Не выходя из изумленного состояния, Сидор Ильич зажег керосиновую лампу и отыскав вход в подполье на маленькой кухоньке, обнаружил внизу у самой лесенки небольшой деревянный ящик с искусной резьбой на крышке. Ящик был не тяжелый, и Сидор Ильич стал смекать, как бы его незаметно вынести. Пришло ему в голову, что спрячет пока в дровяник, а там по темноте снесет домой. Едва он успел он осуществить свой нехитрый замысел, как увидел, что к дому направляется фельдшерица с чемоданчиком, за ней семенит Кобра, а за Коброй – Матвеевна, умудряясь хромать сразу на две ноги, Матвеевну поддерживала за локоть руководитель местной социальной службы Татьяна Петровна, которая то и дело останавливалась вдохнуть и вытирала со лба обильный пот.
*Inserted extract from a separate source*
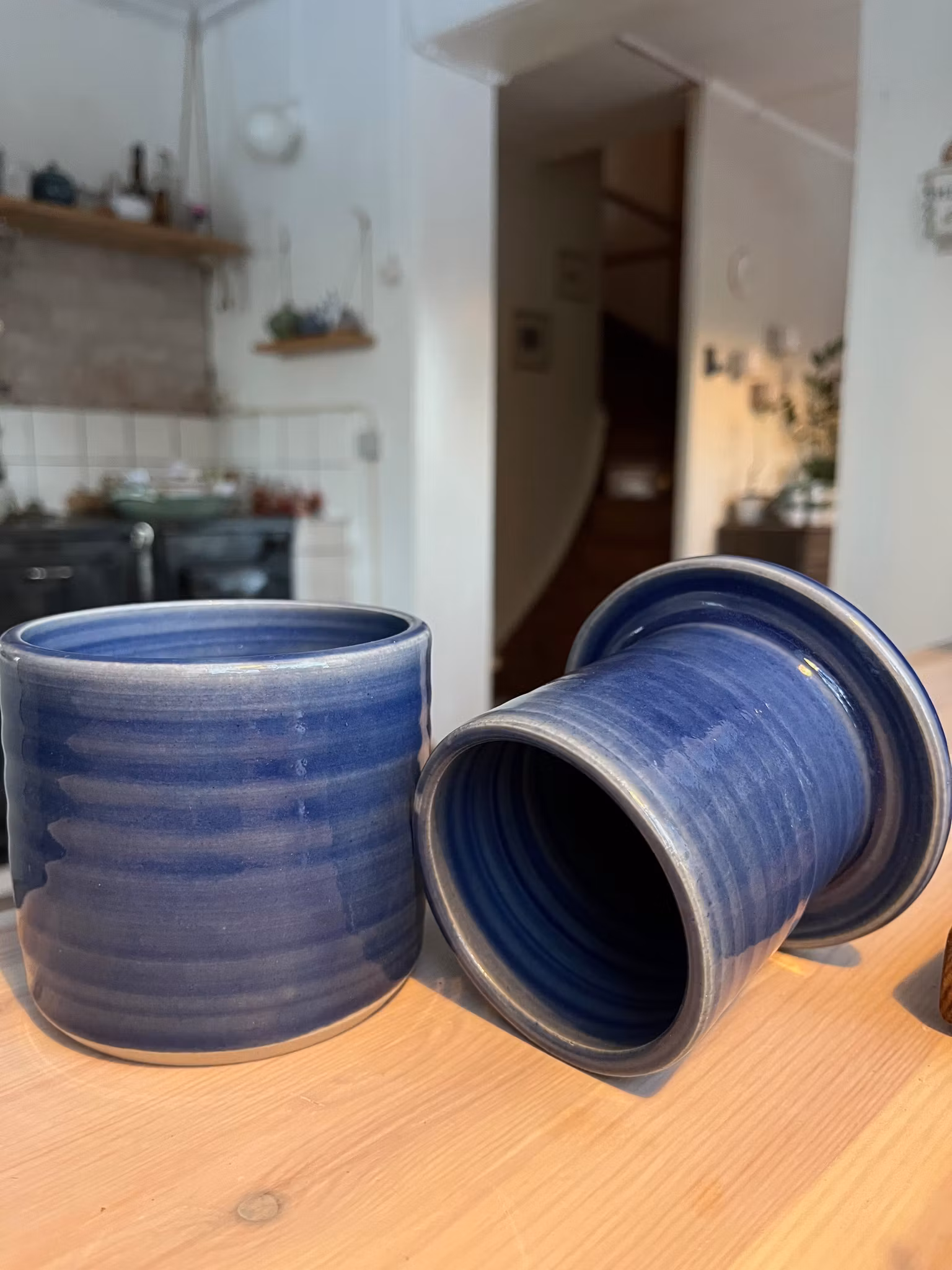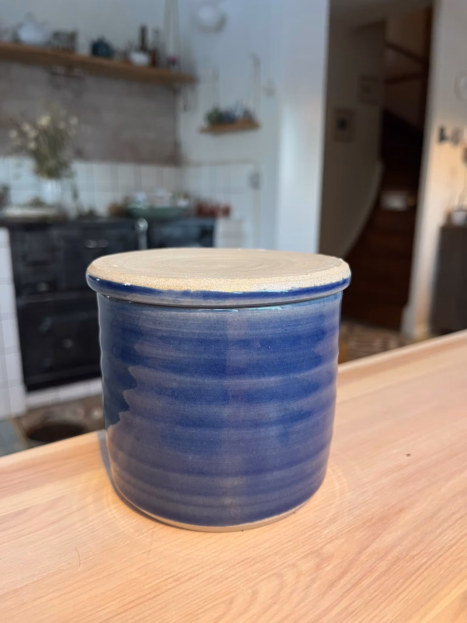 En smörklocka har du på köksbänken med smör som alltid är mjukt och bredbart. Fyll det lilla röret med smör, häll lite vatten i det stora röret och sätt ihop. Vattnet gör att det blir ett vattenlås så att smöret håller. Vattnet måst bytas varannan/ var tredje dag.

Матвеевну всегда звали обмывать покойников. Так уж было заведено в селе. Лучше ее никто этого дела не знал. Совершенно тихая и скромная Матвеевна в этом случае становилась почти главнокомандующим. Она четко и коротко давала указания, какую клеенку постелить на стол, как положить тело. Сама его аккуратно раздевала, потом готовила два таза с мыльной и чистой водой, губки и полотенца. Обмывать наперво начинала с лица из таза с чистой водой, аккуратно промокала полотенцем, подвязывала челюсть чистым платком, клала старинные пятаки на глаза, а уж потом мыльной водой омывала все тело от шеи к рукам и далее. И только уж потом – чистой, а потом – промакивала всего. Высыхал усопший на чистой простыне, которая сменяла по команде Матвеевне сырую клеенку. Клеенку эту потом сжигали вместе с губками и полотенцем, а тазы выбрасывали или даже зарывали за кладбищем.
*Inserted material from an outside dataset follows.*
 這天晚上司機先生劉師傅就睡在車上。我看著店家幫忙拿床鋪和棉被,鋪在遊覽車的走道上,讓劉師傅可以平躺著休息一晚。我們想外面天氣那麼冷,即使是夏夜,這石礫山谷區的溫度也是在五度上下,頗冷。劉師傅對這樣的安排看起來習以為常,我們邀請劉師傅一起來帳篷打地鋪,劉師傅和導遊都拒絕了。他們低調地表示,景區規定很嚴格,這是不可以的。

Все это действо в ранешние времена Матвеевна сопровождала какими-то странными песнями-плачами. С тех пор, как прежний местный участковый лет тридцати назад пригрозил ее арестовать, если она и дальше будет разводить свою «богомольщину» Матвеевна причитать перестала, только бормотала что-то себе под нос, да временами тяжко вздыхала.
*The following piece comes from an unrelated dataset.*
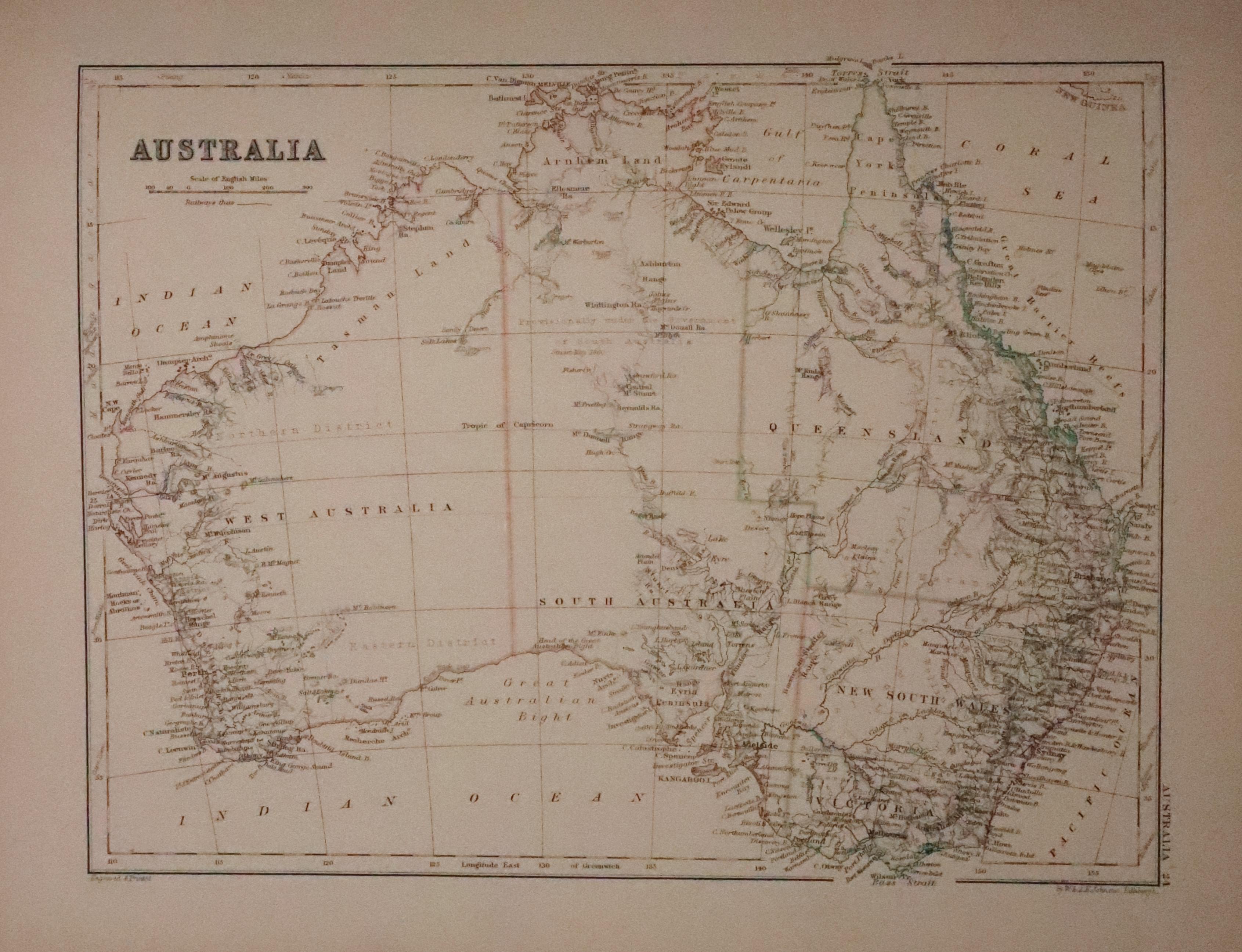 An interesting map of The World engraved by Alexander Findlay and published by Thomas Kelly at 53 Paternoster Row, London. Australia is shown with a partly mapped southern coast and North America is joined to Greenland. 15 3/4 x 9 1/2 inches. Uncoloured. Some light vertical creasing. Repair to the right hand blank margin.

Глава местной соцслужбы была в этой процессии лицом крайне необходимым. Все ушедшие в мир иной беспризорные старики или такие же беспризорные алкоголики были в полной и последней скорбной её заботе. Она приобретала за казенный счет гроб, нанимала мужиков рыть могилу, хватало даже на крест и на венок. Все это делала Татьяна Петровна неторопливо, как бы в некой раздумчивости. Медлительность ее была всегда кажущейся, успевала она везде и во все в срок без всякой суеты. Как ей это удавалось, было загадкой для сельчан, да и для нее самой. Видать просто уродилась такая
Обгоняя всю эту процессию, на лихом, но изрядно разбитом бело-синем уазике подкатил участковый Колька. Этот молодой парень пошел в участковые, отслужив срочную в погранвойсках. Еще не так давно авторитета у него среди местных и вовсе не было, поскольку каждый знал его еще сопливым пацаном и всерьез никак не воспринимал. Не смотря на это, в целях защиты правопорядка на местных пьяных дискотеках Колька бесстрашно ввязывался в драки, сам нередко был побиваем, но пистолета никогда не вынимал и начальству о покушениях на свою жизнь и здоровье, никогда не жаловался. Может быть поэтому, а может и от одной, приключившейся с ним истории, мужики, хоть и через раз, стали его уважать и прислушиваться.